Drakes Bay Oyster Co. has severed its relationship with a right-leaning advocacy group after a scuffle over a PBS segment on the oyster farm's ouster from Point Reyes National Seashore.

Cause of Action has helped represent the farm in its lawsuit against the Department of Interior that claims that former Secretary Ken Salazar failed to follow environmental regulations before deciding to close the farm last year. The 9th U.S. Circuit Court of Appeals is currently deciding whether to allow the farm to stay open while a lower court considers the lawsuit (E&ENews PM, May 14).

The relationship was a unique -- and tenuous -- one. Drakes Bay Oyster Co. operates in a liberal enclave, exhorting the virtues of sustainable agriculture, while Cause of Action is a watchdog group that tends to follow conservative causes (Greenwire, Nov. 14, 2012).

Their interests dovetailed when it came to the debate over the farm's operation in a national park. The farm wanted to stay open but had little funds for legal fees; the group wanted to publicize the overreach of government agencies.

But earlier this month, Cause of Action took its cause too far for the farm's comfort. It filed a Freedom of Information Act request with PBS, arguing that the network unfairly portrayed the group and "misconstrued key facts." The group asked PBS to release the full video recordings used for the nine-minute "NewsHour" segment.


The segment focused on the "strange bedfellows" created by the debate over whether the farm should operate in a potential wilderness area.
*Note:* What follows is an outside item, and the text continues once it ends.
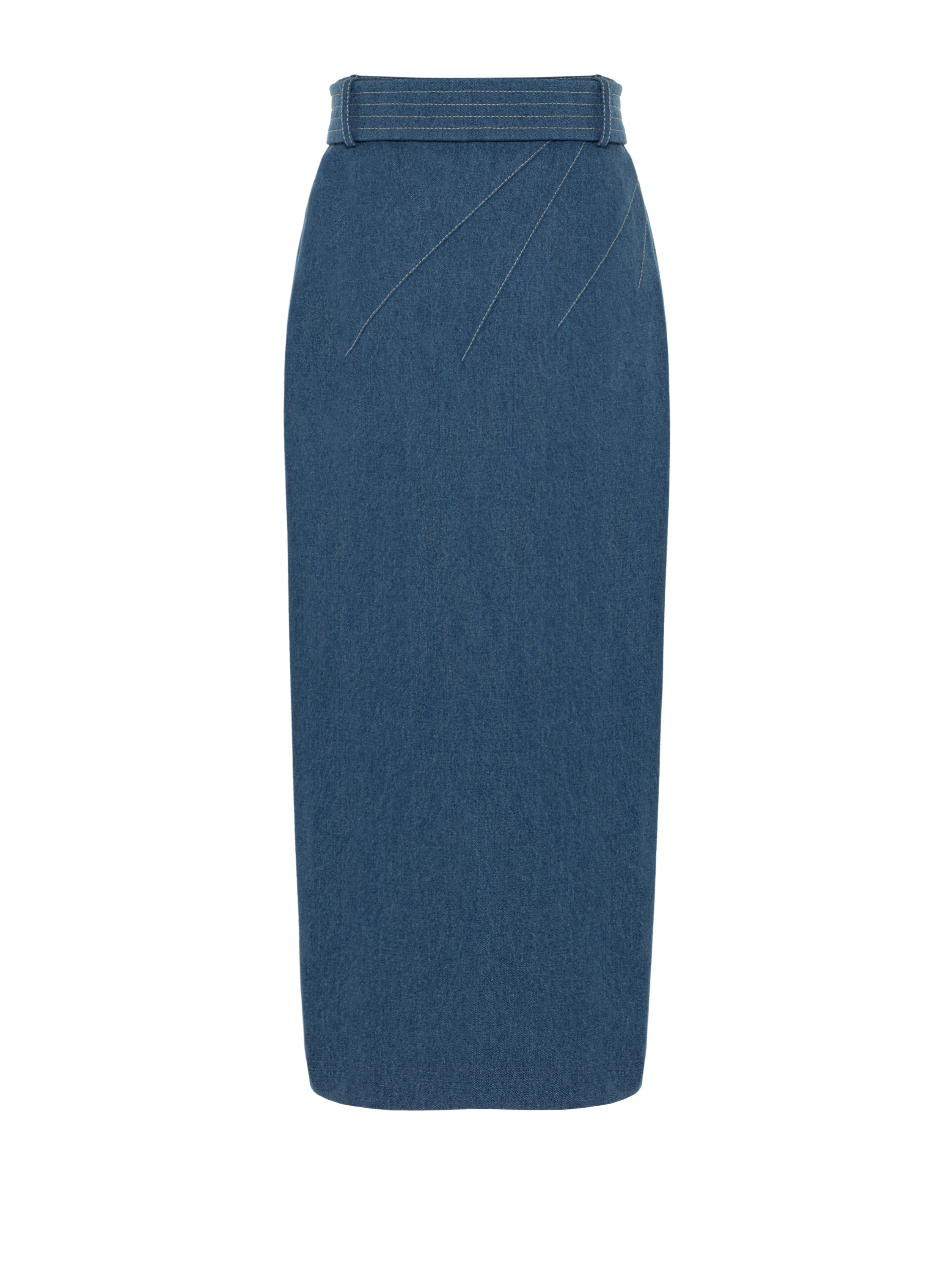 A solid-color high-rise pencil skirt made of denim. The classic style is complemented with contoured seams and a waistband at the waist.

The years-long fight has pitted conservationists against other environmentalists -- and led to the farm gaining support from conservatives.

Farm owners Kevin and Nancy Lunny were unhappy with the report, but they also didn't authorize Cause of Action to attack PBS. The couple recently joined scientist Corey Goodman in writing a letter to PBS informing the station that Cause of Action no longer represented them. Freedom of the press, they said, is "just as critical to our society as is truth and scientific integrity in our government."

But they lamented that the relationship had already caused the media to report that they were "part of some conspiracy to destroy parks and wilderness."

"Nothing could be further from the truth," they wrote. "We are environmentalists and agriculturalists. We also believe in working landscapes, the collaboration of sustainable agriculture while protecting the environment, and maintaining the character of our community."

Cause of Action has withdrawn its FOIA request, and in a statement yesterday, the group confirmed that it will be withdrawing from the lawsuit. The farm's lawsuit will continue with law firms Briscoe Ivester & Bazel LLP, Stoel Rives LLP and SSL Law remaining as counsel.

"All client matters are confidential and they will remain so here," Mary Beth Hutchins, Cause of Action's spokeswoman, said in an email. "We hope for nothing but the best for Drakes Bay Oyster Company and the Lunny family."

Farm says DOJ made incorrect statement during oral arguments

The separation came on the same day that the farm filed a letter with the 9th Circuit claiming that the Department of Justice made an incorrect statement during oral arguments on May 14.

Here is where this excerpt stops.